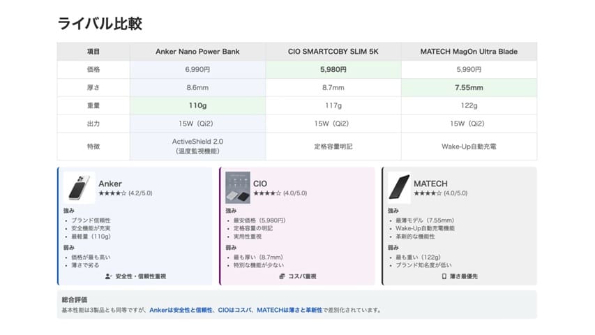 最後に、競合製品のCIO SMARTCOBY SLIM 5K、MATECH MagOn Ultra Bladeの2つと比較すると、値段は競合製品2つのほうが1000円ほど安く、薄さはMATECH MagOn Ultra Bladeが最薄。重量は公式発表に準拠するとAnker Nano Power Bankが最軽量となっています(動画投稿時点の情報による比較)。ただ薄さは、最薄のMATECH MagOn Ultra Bladeと比較しても、側面加工のおかげかそこまで差がないようにも見えるとのことです。
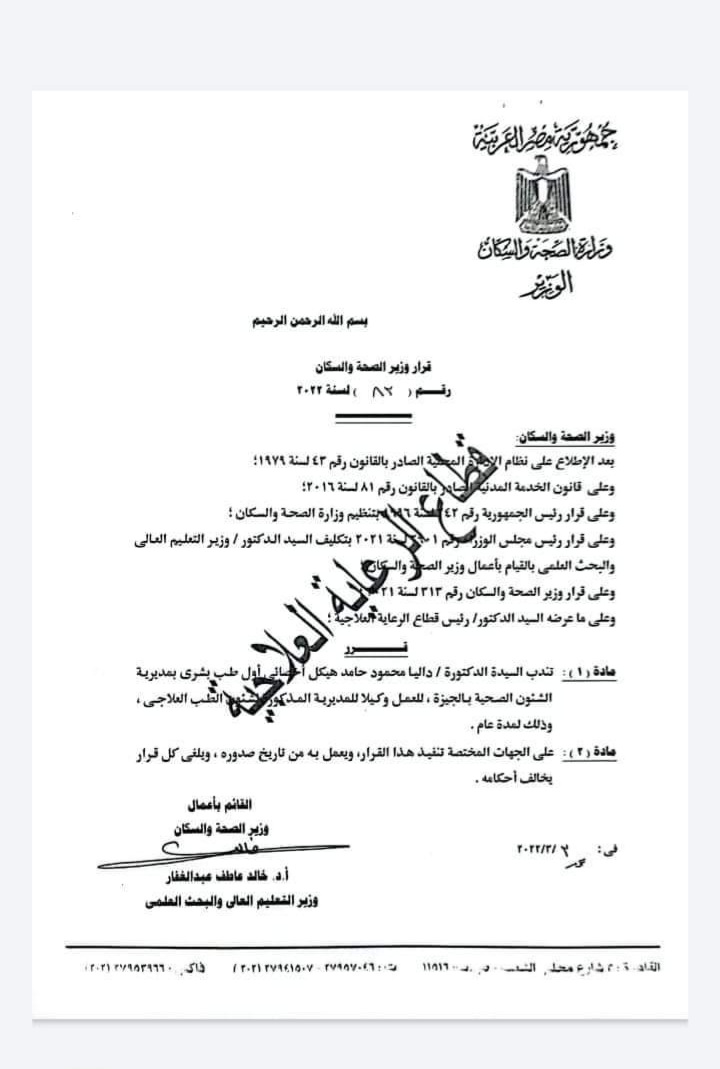 ٨- تعيين الدكتورة داليا محمود هيكل وكيل مديرية الجيزة.
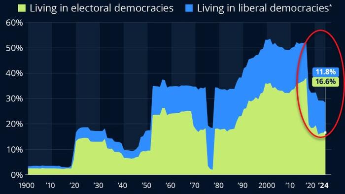 By 2024, just 28 percent of the world’s population, or 2.3 billion people, lived in electoral or liberal democracies, down from almost 4 billion people in 2016.
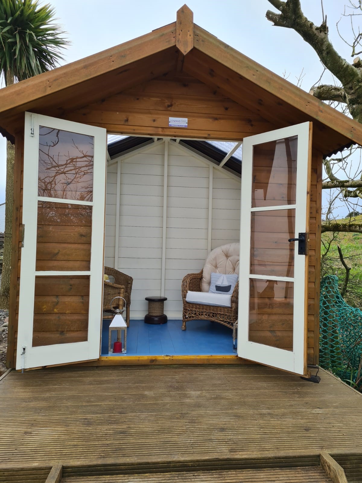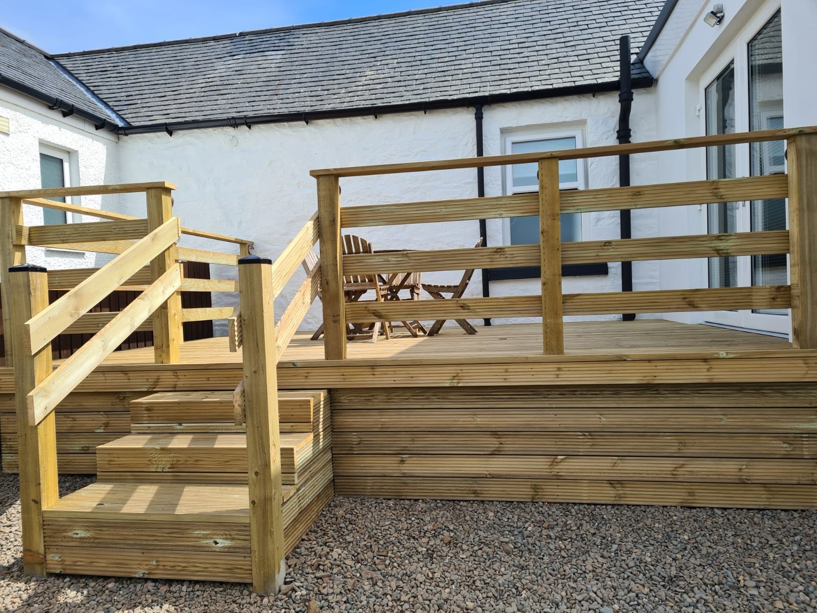 Rawson Cottage comes with a large cottage garden with a stunning sea view. The garden is divided into different parts, including a self-contained Bothy. It has a plethora of shrubs, flowers, pine trees, bamboo, palm trees and a small waterfall with a burn that runs through the garden. There are three tiers to the garden separated by paths and steps, with patios and a large decking area. If you wish to see more of the garden please visit here for more information.
◆ ◆ ◆ ◆ ◆ ◆ ◆
Repeat the material verbatim but without any of its pictures.

 最後に、競合製品のCIO SMARTCOBY SLIM 5K、MATECH MagOn Ultra Bladeの2つと比較すると、値段は競合製品2つのほうが1000円ほど安く、薄さはMATECH MagOn Ultra Bladeが最薄。重量は公式発表に準拠するとAnker Nano Power Bankが最軽量となっています(動画投稿時点の情報による比較)。ただ薄さは、最薄のMATECH MagOn Ultra Bladeと比較しても、側面加工のおかげかそこまで差がないようにも見えるとのことです。
 ٨- تعيين الدكتورة داليا محمود هيكل وكيل مديرية الجيزة.
 By 2024, just 28 percent of the world’s population, or 2.3 billion people, lived in electoral or liberal democracies, down from almost 4 billion people in 2016.
 Rawson Cottage comes with a large cottage garden with a stunning sea view. The garden is divided into different parts, including a self-contained Bothy. It has a plethora of shrubs, flowers, pine trees, bamboo, palm trees and a small waterfall with a burn that runs through the garden. There are three tiers to the garden separated by paths and steps, with patios and a large decking area. If you wish to see more of the garden please visit here for more information.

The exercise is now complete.